Sen. Joe Manchin (D-WV) has made it clear that he will not support the elimination of the filibuster. His stated reason is that the Senate is “the most deliberative body in the world” and that maintaining the filibuster promotes bipartisanship. But the facts show that just the opposite is the case.

The first thing to note is that, even the threat of a filibuster keeps bills from reaching the Senate floor.  Adam Jentleson, author of “Kill Switch: The Rise of the Modern Senate and the Crippling of American Democracy” explained how that happens.

Senate leadership sends a bill around and asks whether anyone has plans to filibuster. “Literally any staff member can reply to that email” to say their bosses object, Jentleson said. “And it’s that single email that today raises the threshold of whatever bill is at stake from a simple majority to a supermajority.”

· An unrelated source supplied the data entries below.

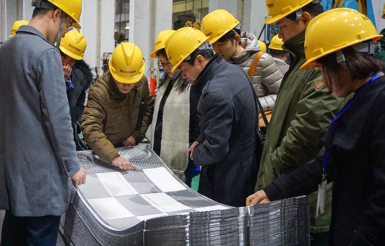 艾克森技術人員向專家團詳細介紹了板式換熱器、焊接式換熱器和板式換熱機組等產品,并與專家們分享了艾克森產品在醫藥食品行業的成功應用案例和技術特點。帶領專家團走進謝春路工廠和太倉工廠的生產一線,觀看了艾克森的生產加工設備,了解板式換熱器整個生產工藝的流程。公司引入的先進自動化生產設備,包括全球先進的電泳涂裝生產線和自動化焊接機器人、換熱機組全性能測試平臺、E-cloud智慧能源系統等設備,引起了專家們極大的興趣。就艾克森核心的板式換熱技術向專家團介紹了板片的獨特設計,可以根據不同的工況設計不同的形狀和深度,以達到最佳換熱效果。機器人切割和焊接技術,更大程度保證管件尺寸精確,焊接質量更穩定。電泳涂裝生產線可以延長管道壽命,耐腐蝕性更高,耐高溫,降低管道阻力的特點等,得到了專家們的一致肯定。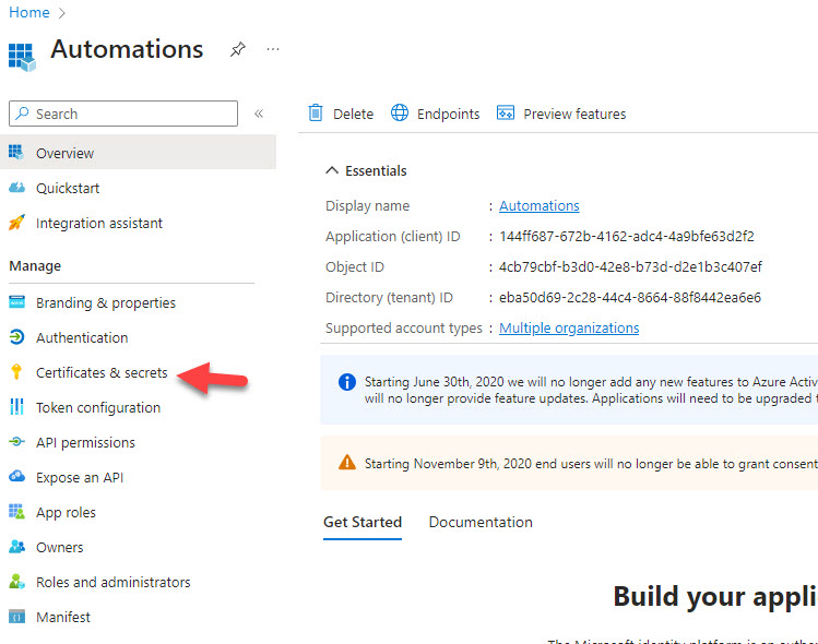 Note If you already have an application registration established, you can skip many of these steps. We can leverage a pre-existing application. Its important to ensure that your application registration still has the correct permissions.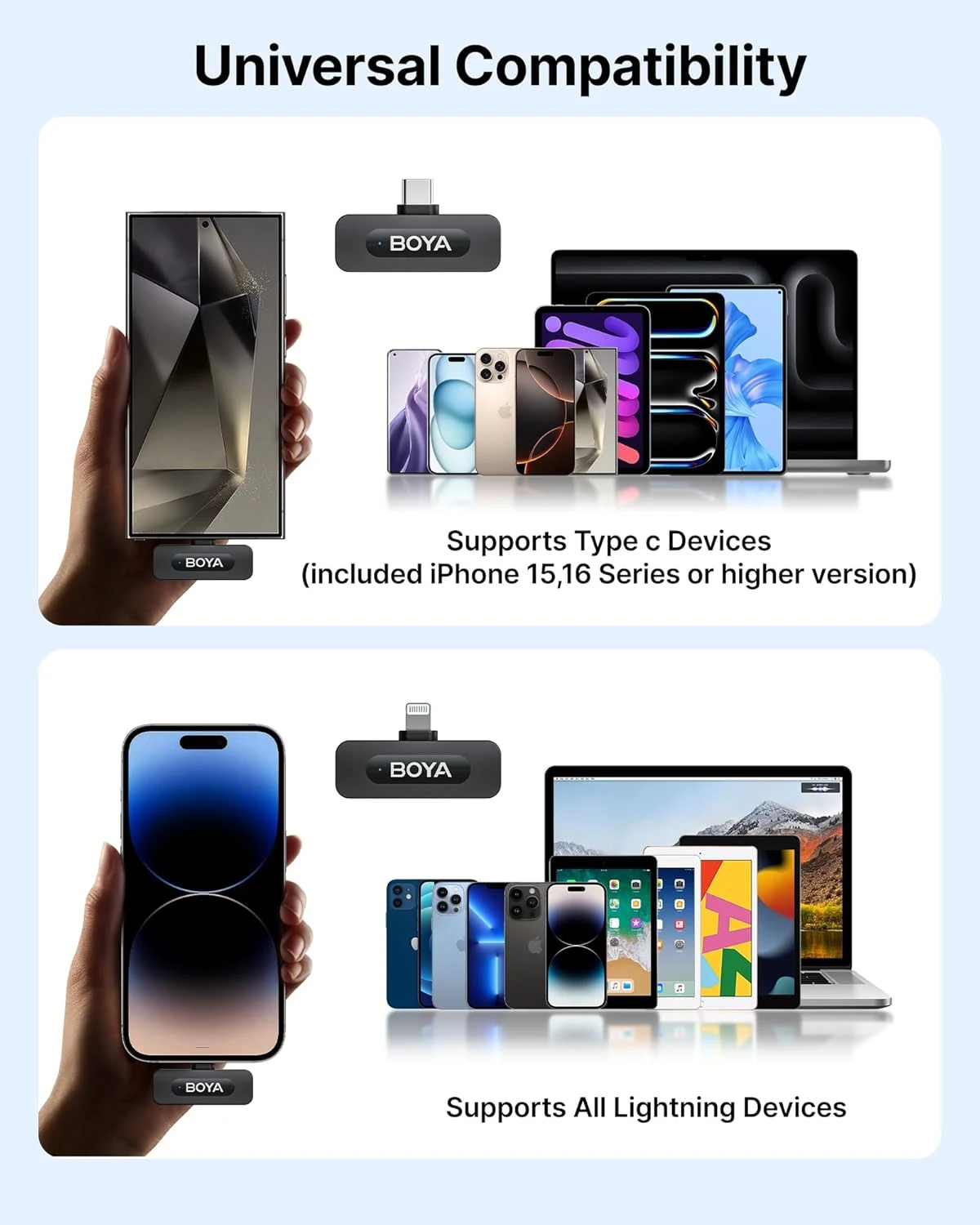 Type-C/Lightning design supports Android and iOS. With a sturdy build

When Manchin refers to the Senate as “the most deliberative body in the world,” he’s referring to a bygone era. Bills that never come to the floor aren’t deliberated. They just die.

As Alex Tausanovitch and Sam Berger note, the filibuster has two purposes: it allows the Senate minority to (1) prevent their opponents from passing bills that they do not like or, (2) force the majority to negotiate changes. Manchin is right that, in the past, it was used to force negotiations. But more recent history demonstrates that it has primarily been used to prevent the opposition from passing bills. To demonstrate, here is how use of the filibuster has grown:

While consistently on the rise, a huge spike happened during Obama’s presidency. As Michael Grunwald documented in his book The New New Deal, the calculation made by the Republicans was that Obama had promised bipartisanship. The one tool they could use to make him appear to be a failure was the filibuster. It was used to obstruct—in unison—anything Democrats attempted to accomplish. The talking point Republicans wanted was to be able to say that “The only thing bipartisan was the opposition.” Writing in 2011, former Republican operative Mike Lofgren added that Republicans had an interest in ensuring that the Senate couldn’t govern.

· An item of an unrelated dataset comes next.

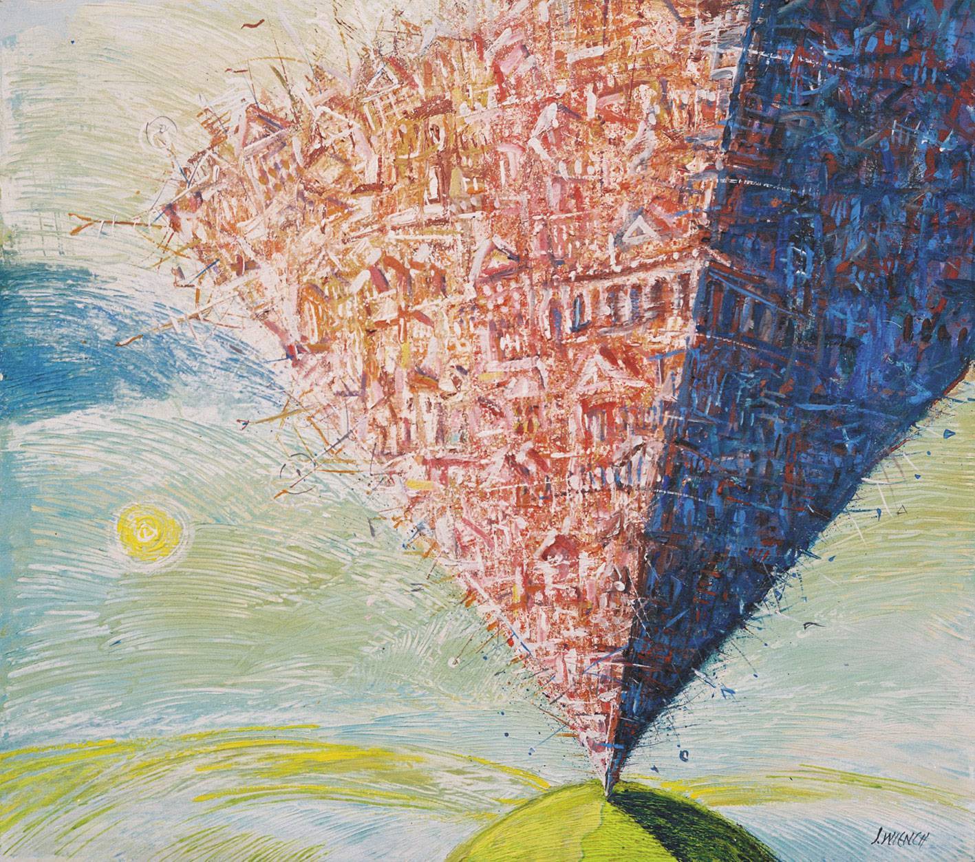 Obraz, który oglądamy, jest prawdziwym kalejdoskopem kolorów. Ciepłe, rude odcienie przeplatają się z chłodnymi, głębokimi błękity. Kształtuje się on w formie stożka, który zdaje się wybuchać z zielonego wzgórza. Niesamowita dynamika! Kompozycja jest jak z surrealistycznego snu – nieco chaotyczna, ale pełna harmonii. Artysta użył techniki impasto, co nadaje dziełu wyjątkową fakturę, a grubo nałożona farba tworzy efekt niemal trójwymiarowy. Atmosfera obrazu wydaje się magiczna i nieco niepokojąca, jakbyśmy patrzyli na świat na granicy jawy i snu. Trudno się nie zastanowić, co kryje się za tą wizją. Może to metafora miasta, które wznosi się ku chmurom, dążąc do nieba. Wyczuwalna jest pewna nostalgia – coś się zmienia, coś ucieka. Z jednej strony to może być "wow", z drugiej zaś niemal tęsknota za spokojem. Patrząc na ten obraz, czuję podekscytowanie i niepokój jednocześnie. Jest jak emocjonalna podróż, gdzie każdy detal skrywa historię. Dla mnie – to trochę jak patrzenie na kalejdoskop pełen tajemnic. Te misz-masze kolorów i kształtów są fascynujące. Może to wywołać radość, a może nawet refleksję nad przemijaniem. Jak napisałby to siedmiolatek: niebo się przekręca, bo lubi tak być. A może to tylko mrugnięcie oka wyobraźni. Fascynujące, prawda?

A couple of years ago, a Republican committee staff director told me candidly (and proudly) what the method was to all this obstruction and disruption. Should Republicans succeed in obstructing the Senate from doing its job, it would further lower Congress’s generic favorability rating among the American people. By sabotaging the reputation of an institution of government, the party that is programmatically against government would come out the relative winner.

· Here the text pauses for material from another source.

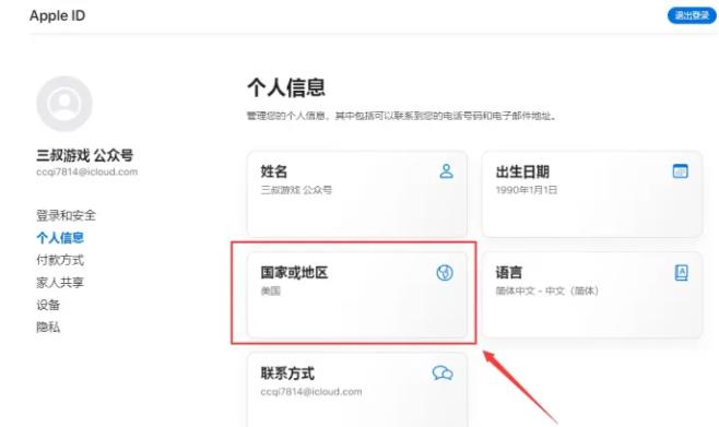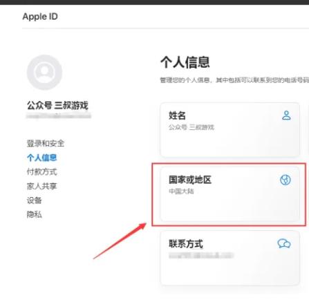 6、登錄上之后,在“個人信息”中點擊“國家或地區(qū)”!

Lest anyone think that strategy is a thing of the past, Minority Leader McConnell promised that if a Democrat was elected president in 2020, he would return to using the filibuster to obstruct the governing process.

By refusing to consider the elimination of the filibuster, Manchin is giving McConnell the tool he needs to do the same thing to Biden that he did to Obama: use the filibuster to sabotage the reputation of “the most deliberative body in the world” and ensure that the only thing bipartisan is the opposition.